• WHAT THE TASK ASKS:
Where the listing below has a line with "This remarkable edition", write out exactly that line and every line after it, stopping after the line with "Damen-Sneaker aus klobigem".

• EXCERPTED DATA:

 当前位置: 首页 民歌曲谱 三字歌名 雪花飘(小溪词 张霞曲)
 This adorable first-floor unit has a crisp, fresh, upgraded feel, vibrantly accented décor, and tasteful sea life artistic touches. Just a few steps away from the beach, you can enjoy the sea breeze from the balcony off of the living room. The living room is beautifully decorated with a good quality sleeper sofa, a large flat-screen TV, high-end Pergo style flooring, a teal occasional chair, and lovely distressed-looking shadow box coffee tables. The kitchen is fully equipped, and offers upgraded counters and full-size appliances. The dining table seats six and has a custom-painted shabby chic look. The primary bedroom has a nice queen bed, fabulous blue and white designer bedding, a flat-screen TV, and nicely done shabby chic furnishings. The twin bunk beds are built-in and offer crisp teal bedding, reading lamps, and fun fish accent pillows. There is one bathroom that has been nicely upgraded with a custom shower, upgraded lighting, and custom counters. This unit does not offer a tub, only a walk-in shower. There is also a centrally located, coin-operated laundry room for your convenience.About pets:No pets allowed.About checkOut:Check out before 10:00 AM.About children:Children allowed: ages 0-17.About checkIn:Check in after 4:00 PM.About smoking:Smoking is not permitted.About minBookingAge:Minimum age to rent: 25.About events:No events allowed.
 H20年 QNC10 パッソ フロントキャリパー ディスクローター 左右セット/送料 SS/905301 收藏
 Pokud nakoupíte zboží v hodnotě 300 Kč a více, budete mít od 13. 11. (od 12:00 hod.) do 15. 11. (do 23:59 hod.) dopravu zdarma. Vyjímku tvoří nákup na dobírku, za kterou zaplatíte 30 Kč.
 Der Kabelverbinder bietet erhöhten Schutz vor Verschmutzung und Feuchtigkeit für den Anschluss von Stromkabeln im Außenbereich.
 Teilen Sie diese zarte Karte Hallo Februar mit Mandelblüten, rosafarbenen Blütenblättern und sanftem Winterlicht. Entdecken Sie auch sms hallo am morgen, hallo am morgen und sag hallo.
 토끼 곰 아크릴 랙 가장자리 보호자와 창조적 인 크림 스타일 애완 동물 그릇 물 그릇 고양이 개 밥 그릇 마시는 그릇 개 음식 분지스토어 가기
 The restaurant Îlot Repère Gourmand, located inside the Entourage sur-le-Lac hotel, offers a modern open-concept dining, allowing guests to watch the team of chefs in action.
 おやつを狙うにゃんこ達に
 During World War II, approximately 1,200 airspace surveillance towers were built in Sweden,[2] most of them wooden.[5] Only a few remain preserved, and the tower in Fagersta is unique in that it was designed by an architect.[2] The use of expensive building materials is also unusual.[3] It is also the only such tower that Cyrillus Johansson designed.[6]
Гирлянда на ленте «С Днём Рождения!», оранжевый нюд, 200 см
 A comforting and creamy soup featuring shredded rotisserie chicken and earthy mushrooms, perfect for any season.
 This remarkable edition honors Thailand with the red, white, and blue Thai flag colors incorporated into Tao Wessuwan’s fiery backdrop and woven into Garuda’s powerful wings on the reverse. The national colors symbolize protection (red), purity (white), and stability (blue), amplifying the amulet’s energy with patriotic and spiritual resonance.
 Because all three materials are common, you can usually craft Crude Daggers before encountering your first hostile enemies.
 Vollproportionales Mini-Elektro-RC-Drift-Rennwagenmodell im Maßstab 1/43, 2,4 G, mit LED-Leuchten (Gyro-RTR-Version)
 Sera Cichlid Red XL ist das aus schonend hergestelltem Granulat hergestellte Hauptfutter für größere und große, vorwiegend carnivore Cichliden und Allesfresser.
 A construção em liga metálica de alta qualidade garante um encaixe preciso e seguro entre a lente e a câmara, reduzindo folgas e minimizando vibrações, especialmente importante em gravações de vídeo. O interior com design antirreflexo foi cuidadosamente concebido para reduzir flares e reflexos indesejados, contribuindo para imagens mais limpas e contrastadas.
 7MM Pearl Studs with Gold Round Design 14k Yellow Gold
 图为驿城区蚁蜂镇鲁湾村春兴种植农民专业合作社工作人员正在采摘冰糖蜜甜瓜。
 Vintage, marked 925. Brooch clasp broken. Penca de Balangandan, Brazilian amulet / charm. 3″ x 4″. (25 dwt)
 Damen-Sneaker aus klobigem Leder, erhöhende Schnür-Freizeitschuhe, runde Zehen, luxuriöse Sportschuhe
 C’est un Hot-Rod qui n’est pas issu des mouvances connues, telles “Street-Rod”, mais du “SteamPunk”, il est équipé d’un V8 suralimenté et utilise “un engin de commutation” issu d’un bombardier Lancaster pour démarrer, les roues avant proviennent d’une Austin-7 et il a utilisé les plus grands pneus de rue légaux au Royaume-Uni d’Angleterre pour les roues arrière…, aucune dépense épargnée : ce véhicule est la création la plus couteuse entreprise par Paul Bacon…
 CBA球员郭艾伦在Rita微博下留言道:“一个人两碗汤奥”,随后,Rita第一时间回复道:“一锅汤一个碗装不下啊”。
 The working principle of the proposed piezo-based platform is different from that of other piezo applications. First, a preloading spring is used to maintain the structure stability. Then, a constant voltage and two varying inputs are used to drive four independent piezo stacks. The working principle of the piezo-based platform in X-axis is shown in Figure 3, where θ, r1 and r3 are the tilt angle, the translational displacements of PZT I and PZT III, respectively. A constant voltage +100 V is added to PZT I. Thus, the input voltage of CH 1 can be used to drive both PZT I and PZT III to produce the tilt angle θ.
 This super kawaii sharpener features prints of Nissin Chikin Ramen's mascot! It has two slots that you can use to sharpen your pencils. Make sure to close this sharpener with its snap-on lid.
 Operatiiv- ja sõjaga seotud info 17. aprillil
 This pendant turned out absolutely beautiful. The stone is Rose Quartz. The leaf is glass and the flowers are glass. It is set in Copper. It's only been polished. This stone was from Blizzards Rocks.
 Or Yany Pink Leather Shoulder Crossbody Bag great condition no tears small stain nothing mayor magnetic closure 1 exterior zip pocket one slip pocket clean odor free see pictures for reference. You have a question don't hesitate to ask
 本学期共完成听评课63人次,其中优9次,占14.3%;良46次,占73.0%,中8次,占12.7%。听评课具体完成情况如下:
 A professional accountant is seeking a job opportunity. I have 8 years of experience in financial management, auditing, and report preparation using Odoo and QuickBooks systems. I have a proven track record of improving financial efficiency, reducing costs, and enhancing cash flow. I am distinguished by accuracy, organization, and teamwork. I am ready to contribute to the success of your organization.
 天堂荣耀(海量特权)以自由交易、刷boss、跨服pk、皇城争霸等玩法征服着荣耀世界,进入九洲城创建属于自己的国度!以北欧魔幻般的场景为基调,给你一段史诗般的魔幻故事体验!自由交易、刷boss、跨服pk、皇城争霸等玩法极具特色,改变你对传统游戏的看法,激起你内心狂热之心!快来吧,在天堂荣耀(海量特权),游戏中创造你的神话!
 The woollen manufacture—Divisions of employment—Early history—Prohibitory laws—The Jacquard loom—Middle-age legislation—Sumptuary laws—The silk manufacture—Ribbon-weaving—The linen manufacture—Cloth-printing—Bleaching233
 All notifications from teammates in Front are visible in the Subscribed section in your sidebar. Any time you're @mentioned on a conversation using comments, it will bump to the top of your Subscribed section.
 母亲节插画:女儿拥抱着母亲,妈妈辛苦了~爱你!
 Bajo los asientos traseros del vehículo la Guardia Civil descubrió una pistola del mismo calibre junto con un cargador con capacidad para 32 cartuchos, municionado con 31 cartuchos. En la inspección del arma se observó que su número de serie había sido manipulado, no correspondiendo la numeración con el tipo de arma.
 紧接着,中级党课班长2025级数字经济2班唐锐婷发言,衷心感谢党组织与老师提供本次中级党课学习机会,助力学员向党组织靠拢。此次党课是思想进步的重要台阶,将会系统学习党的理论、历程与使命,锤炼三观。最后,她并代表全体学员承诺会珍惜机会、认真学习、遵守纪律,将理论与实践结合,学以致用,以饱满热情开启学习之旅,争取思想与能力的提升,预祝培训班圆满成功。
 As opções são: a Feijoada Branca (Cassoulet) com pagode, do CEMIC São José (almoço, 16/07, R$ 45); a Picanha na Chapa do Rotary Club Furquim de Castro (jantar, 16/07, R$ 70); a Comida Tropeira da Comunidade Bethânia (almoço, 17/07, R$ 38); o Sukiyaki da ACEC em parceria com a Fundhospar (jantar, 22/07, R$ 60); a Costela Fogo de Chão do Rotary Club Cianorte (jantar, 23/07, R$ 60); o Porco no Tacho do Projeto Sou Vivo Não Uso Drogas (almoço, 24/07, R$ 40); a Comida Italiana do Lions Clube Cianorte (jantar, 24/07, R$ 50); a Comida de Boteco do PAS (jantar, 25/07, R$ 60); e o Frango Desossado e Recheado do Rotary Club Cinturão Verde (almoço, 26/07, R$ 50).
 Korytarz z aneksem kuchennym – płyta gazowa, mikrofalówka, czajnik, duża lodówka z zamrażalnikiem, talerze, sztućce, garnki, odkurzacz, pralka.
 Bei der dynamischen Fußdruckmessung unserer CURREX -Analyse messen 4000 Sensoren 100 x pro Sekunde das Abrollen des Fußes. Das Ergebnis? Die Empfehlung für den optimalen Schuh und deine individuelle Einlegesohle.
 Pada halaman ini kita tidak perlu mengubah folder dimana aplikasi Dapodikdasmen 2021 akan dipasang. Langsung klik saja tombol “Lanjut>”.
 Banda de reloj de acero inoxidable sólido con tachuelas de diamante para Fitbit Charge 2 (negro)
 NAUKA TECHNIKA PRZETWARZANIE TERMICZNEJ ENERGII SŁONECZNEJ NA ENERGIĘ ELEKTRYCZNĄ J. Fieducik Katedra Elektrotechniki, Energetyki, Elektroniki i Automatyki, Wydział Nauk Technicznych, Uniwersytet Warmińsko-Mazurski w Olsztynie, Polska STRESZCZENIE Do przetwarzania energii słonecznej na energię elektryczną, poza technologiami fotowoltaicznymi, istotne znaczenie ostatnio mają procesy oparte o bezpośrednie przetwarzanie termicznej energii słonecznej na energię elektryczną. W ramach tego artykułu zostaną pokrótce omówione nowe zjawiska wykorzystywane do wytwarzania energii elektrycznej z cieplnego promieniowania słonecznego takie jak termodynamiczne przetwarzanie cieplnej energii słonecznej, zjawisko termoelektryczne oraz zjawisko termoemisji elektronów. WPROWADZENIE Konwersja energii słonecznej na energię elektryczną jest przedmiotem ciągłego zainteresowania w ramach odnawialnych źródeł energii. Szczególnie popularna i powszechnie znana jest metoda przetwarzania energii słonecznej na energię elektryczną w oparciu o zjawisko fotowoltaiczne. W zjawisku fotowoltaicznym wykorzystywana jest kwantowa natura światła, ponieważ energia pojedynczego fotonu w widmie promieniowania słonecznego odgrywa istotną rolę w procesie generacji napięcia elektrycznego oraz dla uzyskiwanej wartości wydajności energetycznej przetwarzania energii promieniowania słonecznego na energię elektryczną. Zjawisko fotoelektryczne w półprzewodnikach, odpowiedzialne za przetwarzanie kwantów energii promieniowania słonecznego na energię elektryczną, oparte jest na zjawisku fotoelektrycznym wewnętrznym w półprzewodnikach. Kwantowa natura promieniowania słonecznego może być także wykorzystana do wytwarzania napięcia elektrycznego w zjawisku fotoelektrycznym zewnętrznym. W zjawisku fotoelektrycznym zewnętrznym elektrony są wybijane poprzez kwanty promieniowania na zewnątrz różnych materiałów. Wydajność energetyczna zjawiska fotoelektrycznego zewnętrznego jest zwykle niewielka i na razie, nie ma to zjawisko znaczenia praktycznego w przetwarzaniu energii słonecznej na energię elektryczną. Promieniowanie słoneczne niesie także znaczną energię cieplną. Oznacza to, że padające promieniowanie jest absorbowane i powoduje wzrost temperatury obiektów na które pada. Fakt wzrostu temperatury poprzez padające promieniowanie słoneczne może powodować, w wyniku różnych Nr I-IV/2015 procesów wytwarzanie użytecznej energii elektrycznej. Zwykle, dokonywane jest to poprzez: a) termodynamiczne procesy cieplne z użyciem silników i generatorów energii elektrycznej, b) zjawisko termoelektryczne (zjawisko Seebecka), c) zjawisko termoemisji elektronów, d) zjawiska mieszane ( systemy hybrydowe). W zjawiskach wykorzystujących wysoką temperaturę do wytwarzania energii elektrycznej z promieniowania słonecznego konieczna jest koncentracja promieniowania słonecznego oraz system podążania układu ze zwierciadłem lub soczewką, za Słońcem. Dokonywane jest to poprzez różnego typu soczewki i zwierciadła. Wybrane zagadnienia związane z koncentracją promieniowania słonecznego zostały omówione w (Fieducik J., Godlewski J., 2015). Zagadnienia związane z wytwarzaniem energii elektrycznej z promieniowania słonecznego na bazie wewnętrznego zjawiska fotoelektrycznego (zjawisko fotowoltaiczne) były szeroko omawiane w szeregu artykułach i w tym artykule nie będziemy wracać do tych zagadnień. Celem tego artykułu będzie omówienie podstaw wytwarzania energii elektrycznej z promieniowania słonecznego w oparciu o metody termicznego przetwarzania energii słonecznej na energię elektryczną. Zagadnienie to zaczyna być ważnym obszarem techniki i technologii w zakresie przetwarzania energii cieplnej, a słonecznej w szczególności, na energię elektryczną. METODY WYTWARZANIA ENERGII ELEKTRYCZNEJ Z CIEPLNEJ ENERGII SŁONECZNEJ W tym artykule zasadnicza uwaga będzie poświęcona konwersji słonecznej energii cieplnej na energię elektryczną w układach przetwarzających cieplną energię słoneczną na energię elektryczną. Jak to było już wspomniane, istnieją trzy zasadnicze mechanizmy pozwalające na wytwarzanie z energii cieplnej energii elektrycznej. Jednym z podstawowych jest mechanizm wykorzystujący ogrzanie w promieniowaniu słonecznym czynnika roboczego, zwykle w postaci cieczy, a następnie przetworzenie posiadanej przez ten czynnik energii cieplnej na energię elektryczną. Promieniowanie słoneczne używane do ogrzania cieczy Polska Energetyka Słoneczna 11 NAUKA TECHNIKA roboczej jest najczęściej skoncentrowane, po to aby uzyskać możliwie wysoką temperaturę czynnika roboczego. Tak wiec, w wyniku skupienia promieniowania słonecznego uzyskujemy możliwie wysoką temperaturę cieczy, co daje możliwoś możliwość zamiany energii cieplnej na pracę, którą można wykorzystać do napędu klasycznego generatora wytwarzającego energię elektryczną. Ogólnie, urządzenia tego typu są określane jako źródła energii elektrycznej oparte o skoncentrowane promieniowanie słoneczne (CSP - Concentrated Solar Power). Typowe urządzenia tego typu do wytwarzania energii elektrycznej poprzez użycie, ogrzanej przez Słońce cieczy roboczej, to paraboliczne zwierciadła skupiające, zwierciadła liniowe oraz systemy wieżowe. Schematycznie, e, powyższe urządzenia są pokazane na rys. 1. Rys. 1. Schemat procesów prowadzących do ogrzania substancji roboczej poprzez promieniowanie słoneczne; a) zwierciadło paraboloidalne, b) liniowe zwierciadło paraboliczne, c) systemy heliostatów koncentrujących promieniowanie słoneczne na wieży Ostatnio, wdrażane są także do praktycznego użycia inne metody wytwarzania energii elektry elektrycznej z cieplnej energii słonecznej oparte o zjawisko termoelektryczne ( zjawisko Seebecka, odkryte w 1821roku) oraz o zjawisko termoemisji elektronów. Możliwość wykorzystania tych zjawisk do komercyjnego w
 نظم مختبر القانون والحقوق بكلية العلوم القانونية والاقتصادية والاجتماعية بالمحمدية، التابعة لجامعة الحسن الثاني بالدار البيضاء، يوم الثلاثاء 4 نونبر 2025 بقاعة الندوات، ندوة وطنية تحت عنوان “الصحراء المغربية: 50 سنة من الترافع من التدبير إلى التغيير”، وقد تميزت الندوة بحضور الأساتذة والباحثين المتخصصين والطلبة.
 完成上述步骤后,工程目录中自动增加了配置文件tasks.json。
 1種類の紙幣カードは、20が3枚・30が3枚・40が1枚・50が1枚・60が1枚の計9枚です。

• ANSWER BOX:
 This remarkable edition honors Thailand with the red, white, and blue Thai flag colors incorporated into Tao Wessuwan’s fiery backdrop and woven into Garuda’s powerful wings on the reverse. The national colors symbolize protection (red), purity (white), and stability (blue), amplifying the amulet’s energy with patriotic and spiritual resonance.
 Because all three materials are common, you can usually craft Crude Daggers before encountering your first hostile enemies.
 Vollproportionales Mini-Elektro-RC-Drift-Rennwagenmodell im Maßstab 1/43, 2,4 G, mit LED-Leuchten (Gyro-RTR-Version)
 Sera Cichlid Red XL ist das aus schonend hergestelltem Granulat hergestellte Hauptfutter für größere und große, vorwiegend carnivore Cichliden und Allesfresser.
 A construção em liga metálica de alta qualidade garante um encaixe preciso e seguro entre a lente e a câmara, reduzindo folgas e minimizando vibrações, especialmente importante em gravações de vídeo. O interior com design antirreflexo foi cuidadosamente concebido para reduzir flares e reflexos indesejados, contribuindo para imagens mais limpas e contrastadas.
 7MM Pearl Studs with Gold Round Design 14k Yellow Gold
 图为驿城区蚁蜂镇鲁湾村春兴种植农民专业合作社工作人员正在采摘冰糖蜜甜瓜。
 Vintage, marked 925. Brooch clasp broken. Penca de Balangandan, Brazilian amulet / charm. 3″ x 4″. (25 dwt)
 Damen-Sneaker aus klobigem Leder, erhöhende Schnür-Freizeitschuhe, runde Zehen, luxuriöse Sportschuhe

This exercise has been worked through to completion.